Question

In triangle ABC, D is a point on line AB and E is a point on line AC such that DE is parallel to BC. If BC = 20 centimeters, and the area of the trapezoid (trapezium) DBCE is one-fourth the area of triangle ABC, find DE.

Answer 1

Step-by-step Answer:

If trapezium DBCE is one-fourth of the area of the triangle ABC, that means that the area of triange ADE is (1 - 1/4) = three-fourth of ABC.

Since DE is parallel to BC, we can prove that triangles ADE and ABC are similar.

Similar triangles have corresponding sides proportional, and area is proportional to the square of the linear proportions.

From this we can conclude that

(DE/BC)^2 = 3/4

DE/BC = sqrt(3/4) = sqrt(3)/2

DE = sqrt(3)/2 * 20 = 10 sqrt(3) = 17.320508 cm (to 6 decimal places).

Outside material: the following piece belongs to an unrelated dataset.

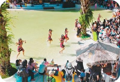 游客在西双版纳热带花卉园欣赏民族特色表演。
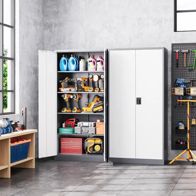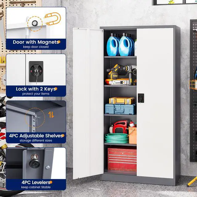 • Customizable StorageWith 4 adjustable shelves, this 71"H tall cabinet offers customizable storage for items of all sizes, making it great for storing tools, cleaning supplies, and vehicle accessories.

On the subject of similar figures/volumes, if we know the ratio of linear dimensions (such as the side of a cube) as k, then the ratio of AREA of similar squares would be k^2.

Example: A square would have a side of 8 (area=8^2=64), and a (similar) square has a side of 10 (area = 10^2= 100).  The

ratio of areas = 64/100 = (8^2/10^2) = (8/10)^2

Here 8/10 is the ratio of linear dimensions = k, and the ratio of areas is k^2 = (8/10)^2 = 64/100.

The same works for cubes (or similar volumes) where the volumes would be proportional to k^3.